NSSAC / PEpiTA

Phase-based Epidemic Time series Analyzer.
MIT License
4 stars 2 forks source link

Use request.session storage instead of (most of) the current views.py global variables #8

Open bdklahn opened 10 months ago

bdklahn commented 10 months ago

I think the global variables are causing the issues of dataset pollution between sessions (e.g. even an additional private browsing tab, on the same computer).

https://github.com/NSSAC/PEpiTA/blob/36a2966b8a0d947c4bea6235a14ef5dcca12bd79/webdesign/polls/views.py#L22-L33

https://github.com/NSSAC/PEpiTA/blob/36a2966b8a0d947c4bea6235a14ef5dcca12bd79/webdesign/polls/views.py#L53

Global variables are generally a bad idea in any software engineering. It is almost always better/safer to explicitly pass things in, via function parameters, and utilize return values.

"Global variables allow you to share data across multiple functions, which can be useful in some situations.
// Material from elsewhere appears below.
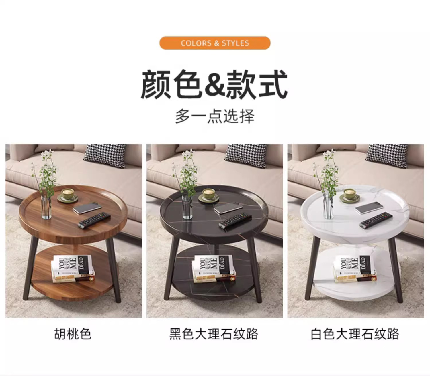 50cm floor-standing double-tier storage unit [white stone pattern] with metal iron legs

However, you should use this type of variable carefully and sparingly to avoid writing code that’s difficult to understand, debug, test, and maintain." https://realpython.com/python-use-global-variable-in-function/

I believe the current situation makes it possible for an uploadbutton branch . . . https://github.com/NSSAC/PEpiTA/blob/36a2966b8a0d947c4bea6235a14ef5dcca12bd79/webdesign/polls/views.py#L90 . . . in one session, to clobber the input_ts (and csvname, etc.) variable data of a subsequent evocation of a runbutton branch . . . https://github.com/NSSAC/PEpiTA/blob/36a2966b8a0d947c4bea6235a14ef5dcca12bd79/webdesign/polls/views.py#L136 . . . in another session.

Session data is already set up to utilize server tmp storage. Django is also already configured to have session variables available to html templates. e.g.

In views.py index(request) function, we could do things like . . .

sess = request.session
sess.setdefault('csvname', '')

(etc.)

In index.html template: { request.session.csvname }

So, we might not even need to construct a "context" dictionary, and pass it to the render function. Maybe just add anything useful to the session dictionary.

Apparently, though, a session storage update is only automatically triggered by key value changes at the top level. If the content of a nested container (e.g. request.session['some_dict']['val1'] = 'new_val') is changed, that will require a manual triggering of an update, by . . . request.session.modified = True So it might be easiest/safest to just try to put things as basic data types, at the top level (e.g. not make a nested context dictionary one of the session key values).

Any utility functions called from index() could be passed the session dictionary, and get and set things from that. e.g. here: https://github.com/NSSAC/PEpiTA/blob/36a2966b8a0d947c4bea6235a14ef5dcca12bd79/webdesign/polls/views.py#L321-L322

Does that make sense, @ajs997 (@srinivvenkat, @bryanleroylewis ) ?

It is probably even problematic to use a globally-accessable "figures" directory, under the "media" dir.

Note: Check the end of https://github.com/NSSAC/PEpiTA/issues/9#issue-1961993720 for maybe a better way of storing the input_ts data.

bdklahn commented 10 months ago

It occurs to me . . . It's probably best to have the code utilize any "global" state, as little as possible. -even if it is per session. I.e. ideally try and reduce the number of those original variables to 3 or less. Pass things into functions and utilize return values, whenever possible. It would be best to have things put in functions, with clear return values, rather than updating session variables as side-effects. We could still assign the result from calling functions, using returned tuples if necessary for multiple changes. But, probably, the only place even a session variable should be used is as a session dictionary being passed in to a function. Helper functions probably shouldn't update the session dictionary internally. The/a top level function should do that from the helper function's return values.

Again, we might use functools cache if we want/need some stuff loaded into memory. I would assume that if a DataFrame is passed into a function, it would only use the cached data for output (e.g. what's in the return value), if the DataFrame function parameter was referencing the exact same df object, in memory.